简体   繁体   English

将刻痕频率分配给facet_grid中的离散数据轴

[英]Assigning tick marks frequency to discrete data axes in facet_grid

I'm having some trouble setting readable tick marks on my axes. 我在轴上设置可读的刻度线时遇到麻烦。 The problem is that my data are at different magnitudes, so I'm not really sure how to go about it. 问题是我的数据大小不同,因此我不确定如何处理。

My data include ~400 different products, with 3/4 variables each, from two machines. 我的数据包括来自两台机器的约400种不同产品,每个产品都有3/4个变量。 I've pre-processed it into a data.table and used gather to convert it to long form- that part is fine. 我已经将其预处理为data.table,并使用collect将其转换为长格式-这部分很好。

Overview: Data is discrete, each X_________ on the x-axis represents a separate reading, and its relative values from machine 1/2 - the idea is to compare the two. 概述:数据是离散的,x轴上的每个X_________代表一个单独的读数,其相对值来自机器1/2-目的是将两者进行比较。 The graphical format is perfect for my needs, I would just like to set the ticks at say, every 10 products on the x-axes, and at reasonable values on the y-axis. 图形格式非常适合我的需求,我只想在x轴上每10个产品设置刻度,在y轴上设置合理的值。

  • Y_1: from 150 to 250 Y_1:从150到250
  • Y_2: from say, 1.5* to 2.5 Y_2:从1.5 *到2.5
  • Y_3: from say, 0.8* to 2.3 Y_3:从0.8 *到2.3
  • Y_4: from say, 0.4* to 1.5 Y_4:从0.4 *到1.5

*Bottom value, rounded down *底值,四舍五入

Here's the code I'm using so far 这是我到目前为止使用的代码

var.Parameter <- c("Var1", "Var2", "Var3", "Var4")

MProduct$Parameter <- factor(MProduct$Parameter,
                          labels = var.Parameter)
labels_x <- MProduct$Lot[seq(0, 1626, by= 20)]
labels_y <- MProduct$Value[seq(0, 1626, by= 15)]


plot.MProduct <- ggplot(MProduct, aes(x = Lot,
                                y = Value,
                                colour = V4)) +
  facet_grid(Parameter ~.,
            scales = "free_y") + 
  scale_x_discrete(breaks=labels_x) +
  scale_y_discrete(breaks=labels_y) +
  geom_point() +
  labs(title = "Product: Select  Trends | 2018",
       x = "Time (s)",
       y = "Value") +
  theme(axis.text.x = element_text (angle = 90,
                                    hjust = 1,
                                    vjust = 0.5)) 
 # ggsave("MProduct.png")
plot.MProduct

Mproduct.png

Anyone knows how to possibly render this graph more readable? 有谁知道如何使该图更具可读性? Setting labels/breaks manually greatly limits flexibility and readability - there should be an option to set it to every X ticks, right? 手动设置标签/中断会极大地限制灵活性和可读性-应该有一个选项可以将其设置为每个X刻度,对吗? Same with y. 与y相同。

I need to apply this as a function to multiple datasets, so I'm not very happy about having to specify the column length of the "gathered" dataset every time either, which, in this case is 1626. 我需要将此函数应用到多个数据集,因此我对每次都指定“聚集的”数据集的列长感到不满意,在这种情况下为1626。
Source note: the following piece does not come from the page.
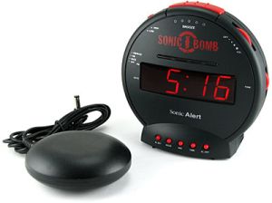 If you are a heavy sleeper then the Sonic Bomb Alarm clock is for you. The clock features an adjustable volume alarm which can shout out at 113 decibels. Like me, you are now wondering what that means. Basically a jackhammer is about 100 decibels. I hope that puts it in to perspective for you. Not only is the sonic bomb a noisy clock, it is actually a shaking clock by the way of a bed shaker which you put under your matress. Having this ultra mean combination of noises and vibrations there is no doubt that this would wake up the heaviest of sleepers.

Since I'm here, I would also like to take the opportunity to ask about this code: 由于我在这里,因此我也想借此机会询问以下代码:

var.Parameter <- c("Var1", "Var2", "Var3", "Var4")

More often than not, I need to label my data in a specific order, which is not necessarily alphabetical. 通常,我需要按特定顺序标记数据,而不必按字母顺序排列。 R, however, defaults to some kind of odd behaviour whereupon I have to plot and verify that the labels are indeed where they should be. 但是,R默认为某种奇怪的行为,因此我必须绘制并验证标签确实在应有的位置。 Any clue how I could force them to be presented in order? 有什么线索可以迫使他们按顺序提出吗? As it is, my solution is to keep shifting their position in that line of code until it produces the graph correctly. 照原样,我的解决方案是继续移动他们在该行代码中的位置,直到正确生成图形为止。

Many thanks. 非常感谢。

Okay. 好的。 I'm going to ignore the y axis labels because the defaults seem to work just fine as long as you don't try to overwrite them with your custom labels_y thing. 我将忽略y轴标签,因为只要您不尝试使用自定义的labels_y覆盖它们,默认值似乎就可以正常工作。 Just let the defaults do their work. 只需让默认值完成工作即可。 For the X axis, we'll give a couple options: 对于X轴,我们将提供几个选项:

(A) label every N products on X-axis. (A)在X轴上每N个产品贴上标签。 Looking at ?scale_x_discrete , we can set the labels to a function that takes all the level of the factor and returns the labels we want. 查看?scale_x_discrete ,我们可以将标签设置为一个函数,该函数采用所有因子水平并返回所需的标签。 So we'll write a function al that returns a function that returns every Nth label: 因此,我们将编写一个函数al ,该函数返回一个返回第N个标签的函数:

every_n_labeler = function(n = 3) {
  function (x) {
    ind = ((1:length(x)) - 1) %% n == 0
    x[!ind] = ""
    return(x)
  }
}

Now let's use that as the labeler: 现在,将其用作标签器:

ggplot(df, aes(x = Lot,
               y = Value,
               colour = Machine)) +
  facet_grid(Parameter ~ .,
             scales = "free_y") +
  geom_point() +
  scale_x_discrete(labels = every_n_labeler(3)) +
  labs(title = "Product: Select  Trends | 2018",
       x = "Time (s)",
       y = "Value") +
  theme(axis.text.x = element_text (
    angle = 90,
    hjust = 1,
    vjust = 0.5
  )) 

在此处输入图片说明

You can change the every_n_labeler(3) to (10) to make it every 10th label. 您可以将every_n_labeler(3)更改为(10) ,使其每10个标签一次。

(B) Maybe more appropriate, it seems like your x-axis is actually numeric, it just happens to have "X" in front of it, let's convert it to numeric and let the defaults do the labeling work: (B)也许更合适,似乎您的x轴实际上是数字轴,恰好在它的前面有“ X”,让我们将其转换为数字并让默认值完成标注工作:

df$time = as.numeric(gsub(pattern = "X", replacement = "", x = df$Lot))

ggplot(df, aes(x = time,
               y = Value,
               colour = Machine)) +
  facet_grid(Parameter ~ .,
             scales = "free_y") +
  geom_point() +
  labs(title = "Product: Select  Trends | 2018",
       x = "Time (s)",
       y = "Value") +
  theme(axis.text.x = element_text (
    angle = 90,
    hjust = 1,
    vjust = 0.5
  )) 

在此处输入图片说明

With your full x range, I imagine that would look nice. 有了您的完整x范围,我想那会很好。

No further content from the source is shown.